Mr. Pickens concocted an unusual plan to supercharge returns for Cowboy Athletics. He sold school officials on a program to generate up to $250 million for the endowment by taking out multimillion-dollar insurance policies on the lives of older Oklahoma State alumni. The expectation was that the death payouts would exceed the premiums.

Both investments turned into big losers.

And here’s another.  The money in donated to athletics at OSU went into Mr. Pickens’s hedge fund.  Didn’t turn out too well.

The hedge fund's energy bets paid off at first. Then the global financial crisis hit and they lost much of their value between mid-2008 and late 2009—and so did the Cowboy Athletics endowment. The endowment's $202 million investment in the fund, which had grown in value to about $400 million, plunged to $125 million by the time the money was withdrawn.

So what was the cause of these problems?  Well there is this

Jerry McCoy, a Washington lawyer who specializes in charitable-tax planning, says complex life-insurance investment arrangements in general "pose a lot of problems," including that "people don't die on schedule" to guarantee returns.

Yeah, the age old problem of people not dying when they are supposed to.  But one of the biggest problems is this.  After the insurance policy scam blew up and generated massive lawsuits, it turned out that

Mr. Pickens dismissed the warnings, referring to one of the consultants in his deposition testimony as a "dumb cluck." Mr. Pickens said he left it up to Mr. Holder to make the final investment decision.


And what was the expertise and background of Mr. Holder to be given the role of making investment decisions on hundreds of millions of dollars?

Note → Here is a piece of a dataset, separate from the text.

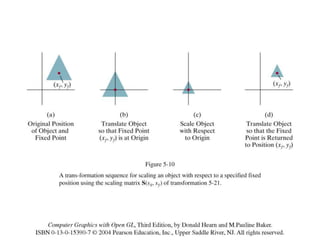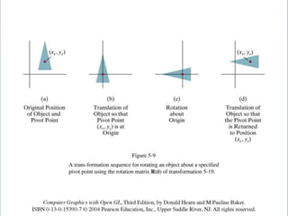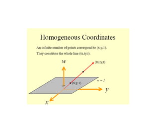 The document discusses 2D geometric transformations including translation, rotation, and scaling. It explains how each transformation can be represented by a matrix and how point coordinates are transformed. It introduces homogeneous coordinates to allow multiple transformations to be combined into a single matrix multiplication by expanding points into 3D vectors. This allows complex sequences of transformations to be applied efficiently in one step.
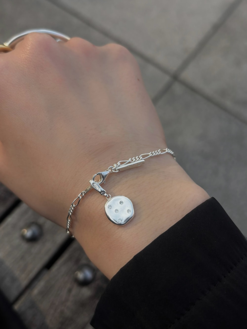 フィガロチェーンブレスレットにポルカチャームを合わせてみました✨ ドット柄のキュービックジルコニアがさりげなくきらっと輝いて、程よいアクセントに◎ 【着用アイテム】 ・フィガロチェーンブレスレットSV(17.5cm) ・ポルカチャームSV

He had served as the school's golf coach for more than three decades before being named to head the athletics department in 2005, at Mr. Pickens's urging.

Oh, well as everyone knows serving as a college golf coach for 30 years is definitely the person you want in charge of investing an endowment fund.

So what else can be learned from this debacle?  Well the argument that rich people need huge tax cuts to generate jobs doesn’t seem to hold up well.  Not many jobs were created by Mr. Pickens’s gift to OSU athletics.  And assuming the gifts were tax deductible, this illustrates a tax code that forces other tax paying Americans to subsidize gifts to a college football program. 

It is hard to see how America is better off from Mr. Pickens having donated a couple hundred millions to Oklahoma State athletics.  None of the money improves the educational mission of the University.  About all it does is improve the entertainment mission of the University, assuming it does have a mission of providing entertainment for Mr. Pickens and his ilk.

And one final conclusion.  After reviewing the mis-adventures of Mr. Pickens we have unassailable proof that people who make large fortunes largely do so because of luck.  Certainly there is nothing to denote that Mr. Pickens has the skill to have made anything higher than minimum wage.